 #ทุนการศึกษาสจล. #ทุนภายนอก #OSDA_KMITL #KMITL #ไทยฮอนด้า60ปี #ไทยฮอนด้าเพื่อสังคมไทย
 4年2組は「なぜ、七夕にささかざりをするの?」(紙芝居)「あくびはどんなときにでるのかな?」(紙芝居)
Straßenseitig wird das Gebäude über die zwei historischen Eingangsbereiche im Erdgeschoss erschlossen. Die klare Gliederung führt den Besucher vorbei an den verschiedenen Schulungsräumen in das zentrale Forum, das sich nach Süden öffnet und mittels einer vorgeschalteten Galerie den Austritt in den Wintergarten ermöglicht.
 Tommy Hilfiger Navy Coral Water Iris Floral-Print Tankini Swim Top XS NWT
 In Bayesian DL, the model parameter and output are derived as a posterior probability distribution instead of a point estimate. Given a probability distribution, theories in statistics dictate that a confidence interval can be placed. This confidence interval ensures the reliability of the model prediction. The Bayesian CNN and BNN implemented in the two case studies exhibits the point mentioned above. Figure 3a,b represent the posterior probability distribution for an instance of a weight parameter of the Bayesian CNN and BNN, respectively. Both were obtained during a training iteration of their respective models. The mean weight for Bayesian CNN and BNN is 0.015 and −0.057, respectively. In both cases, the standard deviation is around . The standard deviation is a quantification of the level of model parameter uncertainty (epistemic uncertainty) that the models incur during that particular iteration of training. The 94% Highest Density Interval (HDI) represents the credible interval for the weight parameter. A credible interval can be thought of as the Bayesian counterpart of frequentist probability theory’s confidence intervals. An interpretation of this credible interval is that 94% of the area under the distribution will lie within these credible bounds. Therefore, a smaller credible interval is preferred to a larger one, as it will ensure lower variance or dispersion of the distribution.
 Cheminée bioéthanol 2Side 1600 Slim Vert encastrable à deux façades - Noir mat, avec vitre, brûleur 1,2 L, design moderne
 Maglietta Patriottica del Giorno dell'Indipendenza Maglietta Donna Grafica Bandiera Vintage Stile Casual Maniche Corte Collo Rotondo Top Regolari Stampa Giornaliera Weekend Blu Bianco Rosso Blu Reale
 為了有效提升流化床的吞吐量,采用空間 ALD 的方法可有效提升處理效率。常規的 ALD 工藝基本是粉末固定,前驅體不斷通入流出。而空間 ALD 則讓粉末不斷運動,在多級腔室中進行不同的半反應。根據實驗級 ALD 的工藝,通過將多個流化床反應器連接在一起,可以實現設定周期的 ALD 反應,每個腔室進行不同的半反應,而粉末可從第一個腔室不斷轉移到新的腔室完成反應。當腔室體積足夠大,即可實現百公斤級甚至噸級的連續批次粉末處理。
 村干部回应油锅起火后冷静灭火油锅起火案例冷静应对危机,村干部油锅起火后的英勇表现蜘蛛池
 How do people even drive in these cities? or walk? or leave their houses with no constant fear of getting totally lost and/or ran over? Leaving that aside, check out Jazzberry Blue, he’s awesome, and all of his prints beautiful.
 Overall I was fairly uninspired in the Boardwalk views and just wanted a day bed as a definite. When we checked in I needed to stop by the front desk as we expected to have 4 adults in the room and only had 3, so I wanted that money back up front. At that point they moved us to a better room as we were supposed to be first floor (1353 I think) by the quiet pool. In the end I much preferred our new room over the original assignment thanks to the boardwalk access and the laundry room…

**About this task**:
Repeat, word for word, the lines above between the line holding "4年2組は「なぜ、七夕にささ" and the line holding "Tommy Hilfiger Navy", inclusive; omit everything else.

**Exercise solution**:
 4年2組は「なぜ、七夕にささかざりをするの?」(紙芝居)「あくびはどんなときにでるのかな?」(紙芝居)
Straßenseitig wird das Gebäude über die zwei historischen Eingangsbereiche im Erdgeschoss erschlossen. Die klare Gliederung führt den Besucher vorbei an den verschiedenen Schulungsräumen in das zentrale Forum, das sich nach Süden öffnet und mittels einer vorgeschalteten Galerie den Austritt in den Wintergarten ermöglicht.
 Tommy Hilfiger Navy Coral Water Iris Floral-Print Tankini Swim Top XS NWT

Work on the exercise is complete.